Theoretical face is faced than obtaining the regional allocations feature of different error patterns on actual face from actual, then basis
The regional allocations feature carries out region division to actual face, obtains the error band corresponding to different error patterns.Such as accompanying drawing 2
Shown, the actual face of the covering workpiece marks off 4 error bands, respectively two gradient error regions altogether, uses n1And n2Come
Represent;One uniform error region, is represented with j;One local error region, is represented with m.
39720 theoretical cutter locations are classified according to this error pattern division result, identified with area code, area here
Number there is n1、n2, j and m represent four regions respectively.In 12 shown in previous step theoretical cutter location classification results such as following tables:
It can be found that 12 theoretical cutter locations of previous step displaying are just at first gradient error region from result
With the boundary in uniform error region.

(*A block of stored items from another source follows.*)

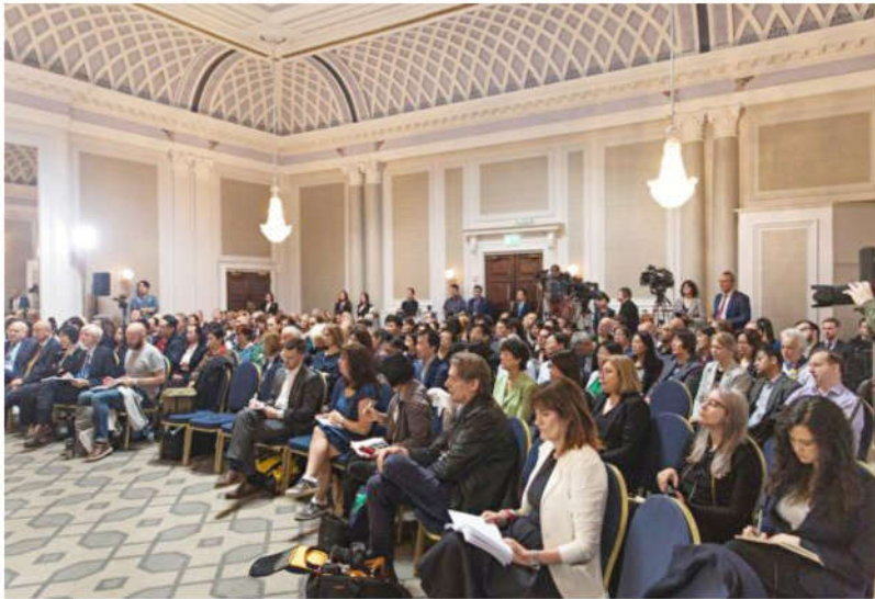
独立人民法庭在伦敦宣判，法庭内聚集了大约 200 名旁听民众和记者。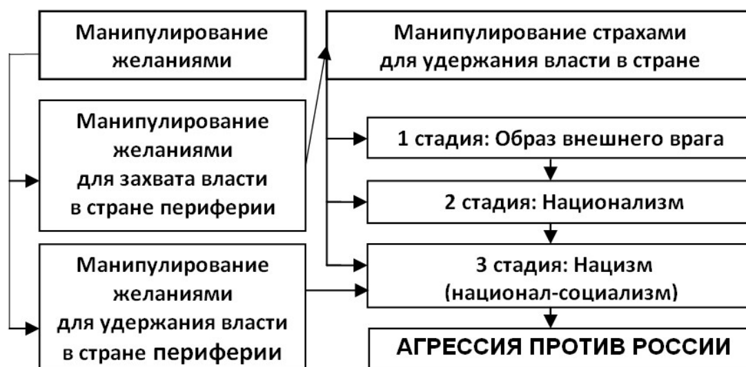
Рисунок 1 – Базовый комплекс инструментов ГЦК, используемых для сохранения власти при глобальных пределах роста

Для того, чтобы на практике использовать этот комплекс инструментов в той или иной стране периферии мировой финансовой системы, ГЦК необходимо иметь эффективные рычаги влияния на национальный капитал (например, компрадорскую буржуазию и олигархию), контролирующей средства массовой информации. Как показывает опыт Украины, чтобы получить такие рычаги, ГЦК достаточно провести цветную революцию в той или иной стране периферии мировой финансовой системы. В результате этого фактическая власть в этой стране переходит к ГЦК.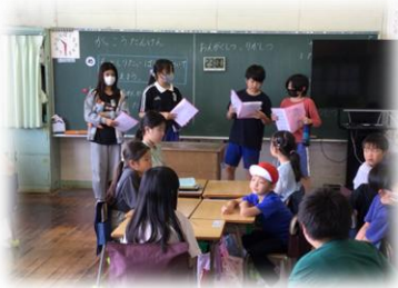
縦割り活動始まりました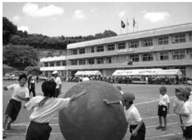
▲大戸小・武蔵岡中の合同運動会

また、小学校でも中学校でも、PTAや地域の方々、卒業生などが参加する競技や教職員が出場する種目なども工夫され、白熱した勝負が繰り広げられました。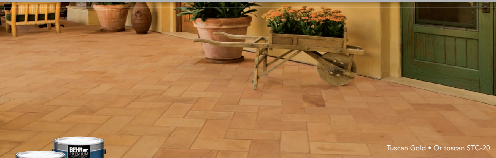
Tuscan Gold • Or toscan STC-20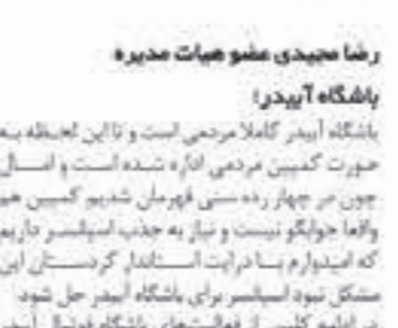
گزارش از عادل خلیان

در دیدار استاندار و معاون عمرانی استانداری در جمع آبیتری ها چه گذشت؟ روز پنجشنبه ۹ آذر وقتی استاندار محترم و معاون عمرانی استانداری در جمع آبیتری ها به باشگاه مردمی آبیتر سنجح آمدند از نزدیک مشکلات این باشگاه فوتبالی را دیدند.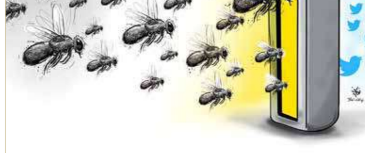
لوحة الذباب الإلكتروني الفائزة بالجائزة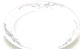
1987-30 16.5cm/バン皿 ¥1,290 166φ×22h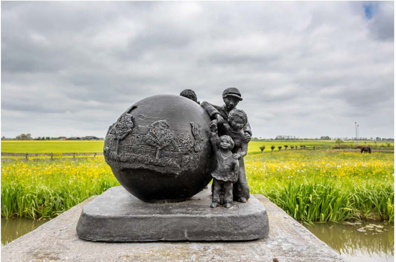
- "De kracht van het dorp" van Greetje van Roon. -

Tegenover het Raedthuysje is een terras met een bronzen beeld van kunstenares Greetje van Roon. Zij maakte dit in opdracht van de dorpsraad. Het heet “De kracht van het dorp”. Het terras is bedoeld voor alle bezoekers van het Raedthuysje, voor fietsers of wandelaars die even willen uitpuffen en of picknicken en voor bijzondere gelegenheden in het dorp.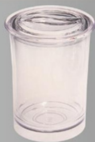
YLAD-5035 酒桶 尺寸:直径 17.5 高 22.3 cm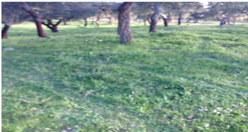
Figura 7 – Pastagem natural após aplicação de calcário dolomítico (1,5 – 3 ton/ha).

Os autores concluíram ainda que a aplicação de carbonato de cálcio aumenta a razão Mg/Mn principalmente por reduzir a absorção de Manganês, enquanto que a aplicação de sulfato de Magnésio aumenta essa razão por aumentar a absorção de Magnésio donde se concluiu que a aplicação de calcário dolomítico poderá ser eventualmente uma solução para a resolução do problema (Figura 7).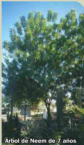
Árbol de Neem de 7 años

PHC® NEEEM® debe aplicarse cuando hay presencia de huevecillos, larvas o adultos, mojando bien el envez de las hojas y asegurando que el producto entre en contacto con estos. Repita la primera aplicación a los 2-3 días. Si es necesario, repita 2 o 3 aplicaciones más a intervalos de 10 a 15 días hasta el momento de la cosecha.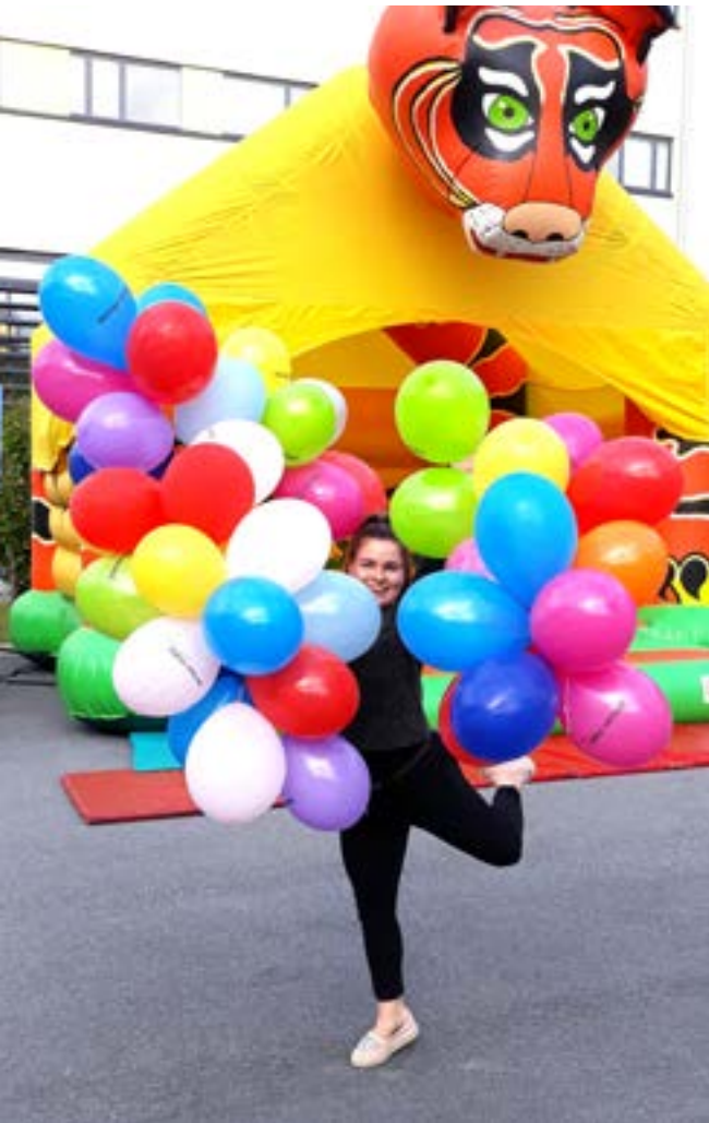
Opiston juhlavuosi alkoi iloisesti Juhlastartilla pomppulinnoineen, ja juhla jatkuu läpi lukuvuoden.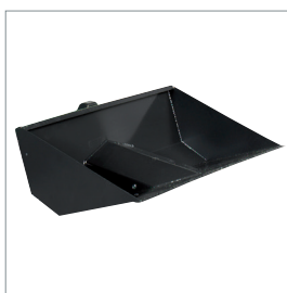
■ Kippbare Schaufel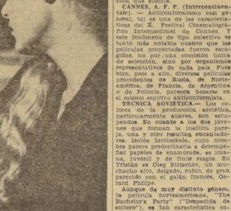
Melina Mercouri y Pierre Vannex, en el film de J. Dassin "Celui qui doit mourir" (El que debe morir).

CINE ARGENTINO. — También la película argentina "La casa del Ángel", de Leopoldo Torre Nilsson, es una diatriba. Esta cinta aboga en contra de los prelatos, de la tiranía de los padres, de los excesos de una educación religiosa demasiado rigurosa, etc.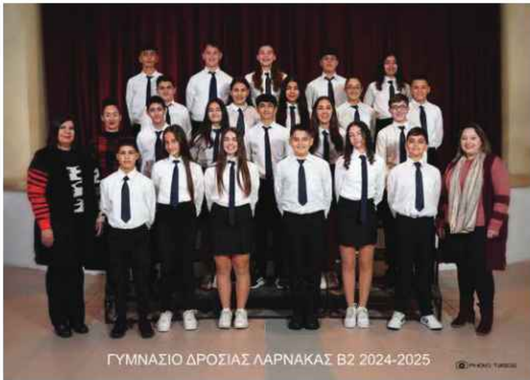
ΓΥΜΝΑΣΙΟ ΔΡΟΣΙΑΣ ΛΑΡΝΑΚΑΣ Β2 2024-2025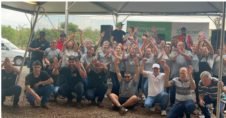
A direção/funcionários da Apae e colaboradores comemoram o sucesso do almoço beneficente realizado no último domingo, que teve um grande número de adesões e participantes.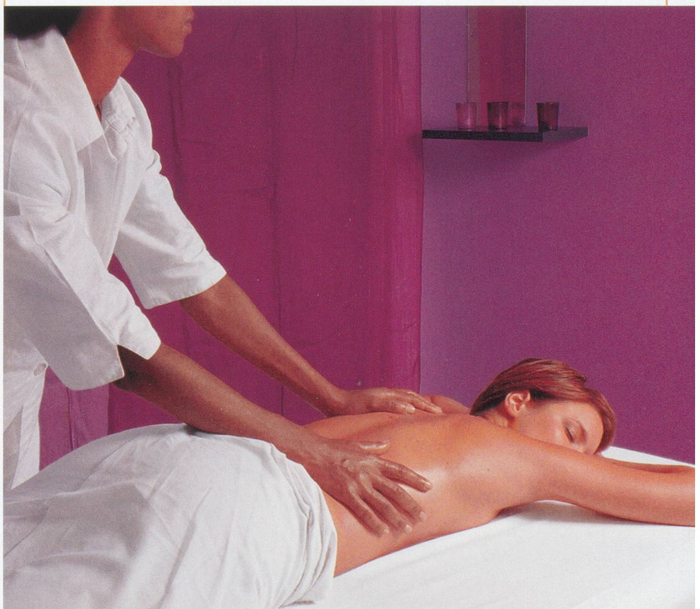
After the Rain

Wellness. Terme anglais pour faire référence à tout ce qui a trait au bien-être. Les centres qui pratiquent le wellness ressemblent aux spas, en un peu moins chic souvent et avec une offre moins étendue.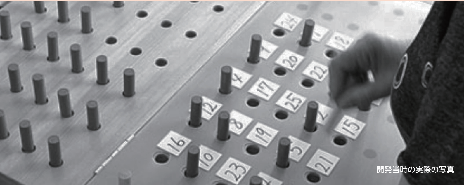
開発当時の実際の写真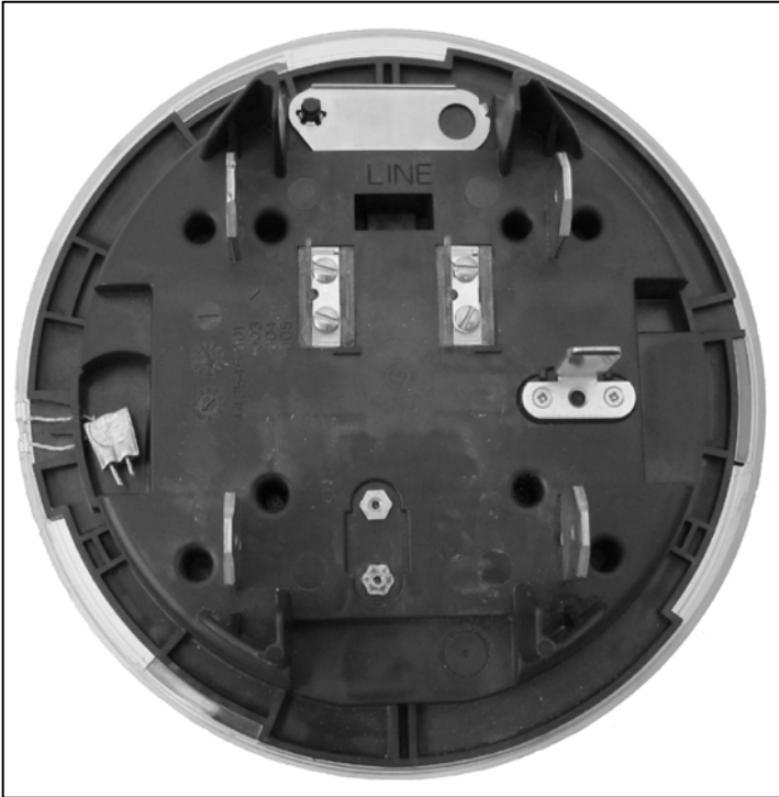
Sealing / Scellage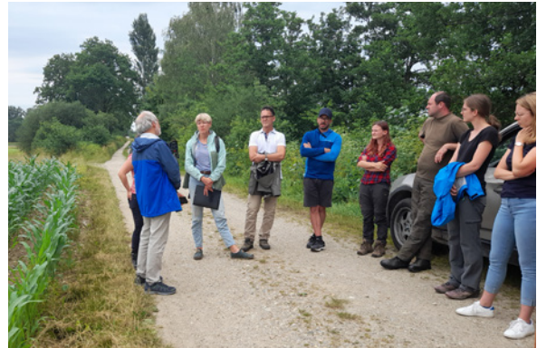
Feldrundgang an der PIK-Fläche im Landkreis Deggendorf.

Eine Neuerung im Projekt stellt die Maßnahme mit verspäteter Maisansaat ab dem 20. Mai dar. Circa 10 ha wurden dieses Jahr mit der verspäteten Maisansaat bewirtschaftet, die vor allem gewährleisten soll, dass die Brut- und Schlupfzeit der Vögel (insbesondere der Kiebitz) bei der späten Ansaat bereits abgeschlossen ist und kein Nest oder Jungvogel zu Schaden kommt.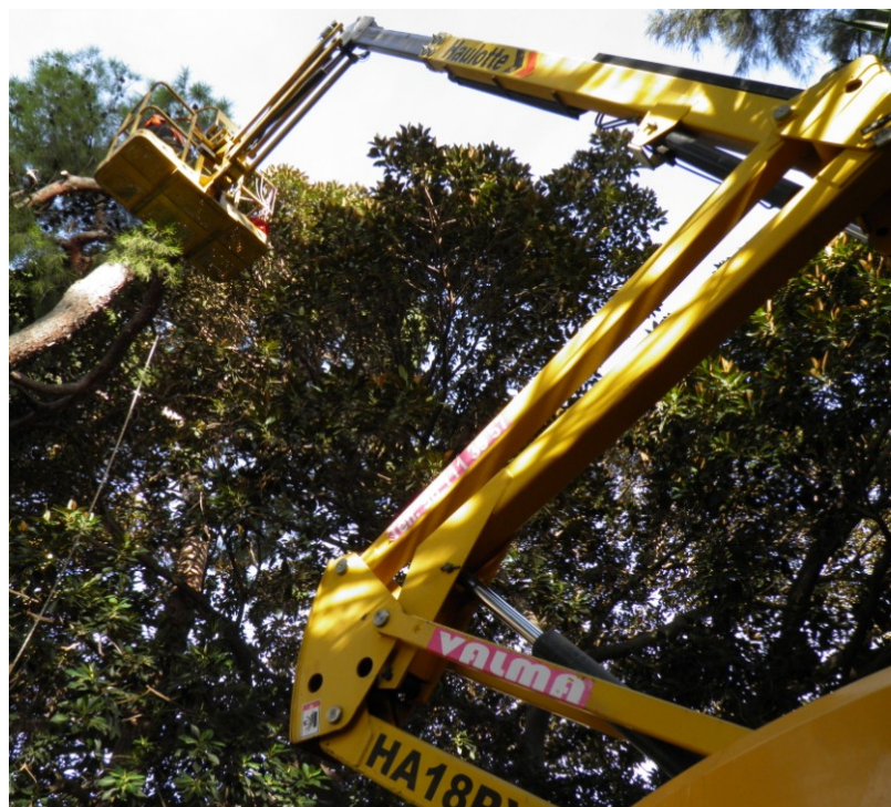
Trabajos con máquina elevadora.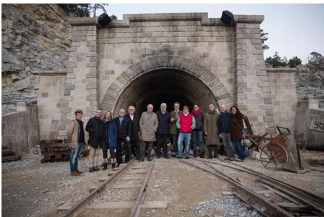
Ortstermin im „tschechischen Göschenen“ mit Verantwortlichen von SRF und ZDF. / Rencontre à la „Göschenen tchèque“ avec des responsables de la SRF et de la ZDF.

Der grosse zweiteilige Film soll im Spätherbst 2016 zeitgerecht mit der Einführung des Winterfahrplans der SBB auf die schweizerischen Bildschirme kommen.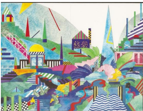
Plakat af Ernst Lohse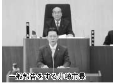
一般報告をする井崎市長

8月30日、平成19年市議会第3回定例会の冒頭、井崎市長は23項目について市政の一般報告を行いました。主な項目を要約して紹介します。なお、掲載した項目以外に「自治基本条例について」「女性議会の開催について」「住民記録等の基幹システムの更新に伴う業者の決定について」「電子入札の実施状況について」「第29回市民まつりについて」「総合防災訓練について」「ヘルスアップ事業応募状況について」「高齢者移動支援事業の登録及び利用状況について」「平日夜間診療所の開設について」「駅前保育施設設置促進事業について」「サマーファンタジア2007と花火大会について」「産業振興審議会の発足について」「景観計画及び景観条例の制定について」「つくばエクスプレス沿線整備事業の進捗状況について」「グリーンチェーン戦略について」も報告しました。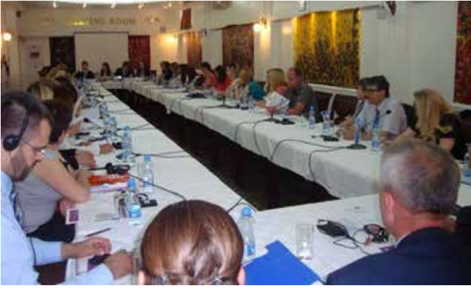
▪ Foto e nga punëtorja e Indeksit Gjinor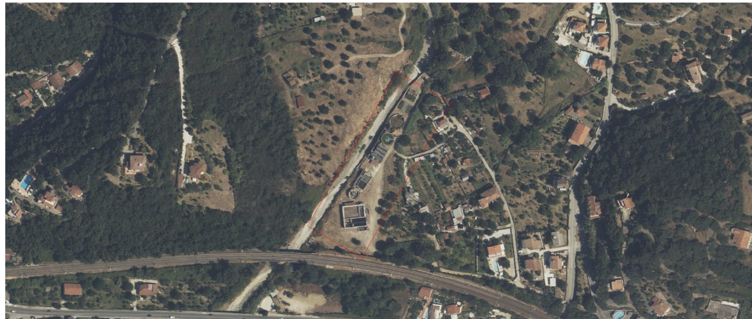
Ortofoto scala 1:2000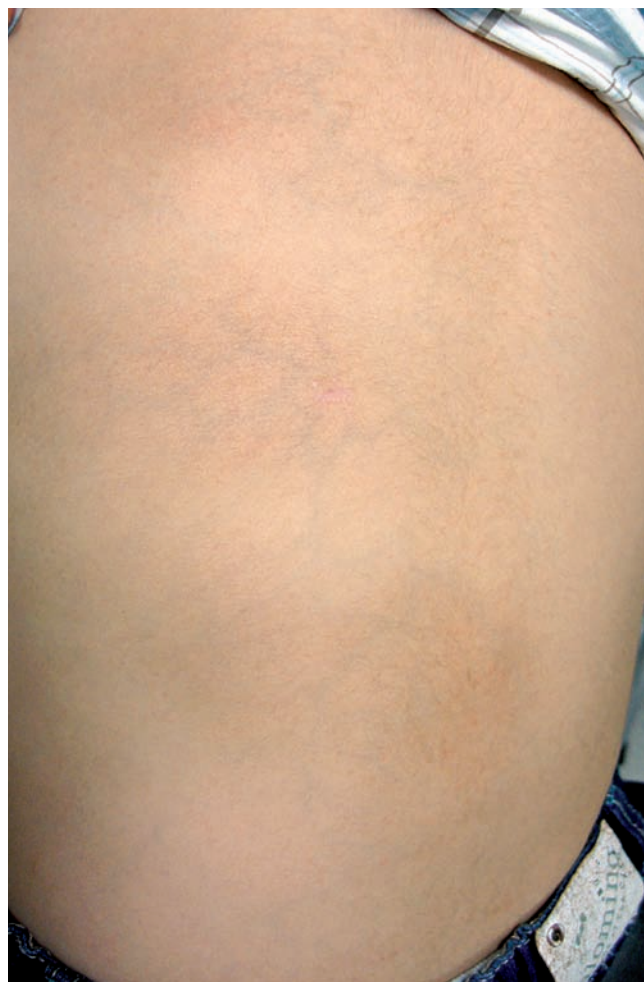
Fig 1 - Manchas castanhas discretamente hiperpigmentadas, de contornos irregulares, hipertricose, com mais de 20cm de maior eixo cada, na área toracolombar esquerda.

Foi realizada biopsia cutânea que mostrou epiderme sem alterações e hiperplasia das glândulas sudoríparas écrinas, aumento do número de capilares, com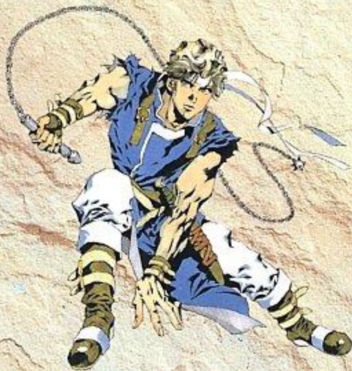
ILLUSTRATION by AKIHIRO YAMADA

「悪魔城ドラキュラXX™」 is an original game developed by KONAMI CO.,LTD. KONAMI CO.,LTD. reserved all the copyrights, trademarks and other industrial property rights with respect to this game.

Step 3: knife rail mapping is carried out to the respective knife rail mapping method of each regional choice.
To being identified as n1、n2Gradient error region theoretical cutter location using etc. arc length mapping method, to being identified as j
Uniform error region theoretical cutter location using projection method, the theoretical cutter location in the local error region to being identified as m
Using etc. parameter mapping method, 39720 theoretical cutter locations, which are mapped on actual face, turns into actual cutter location.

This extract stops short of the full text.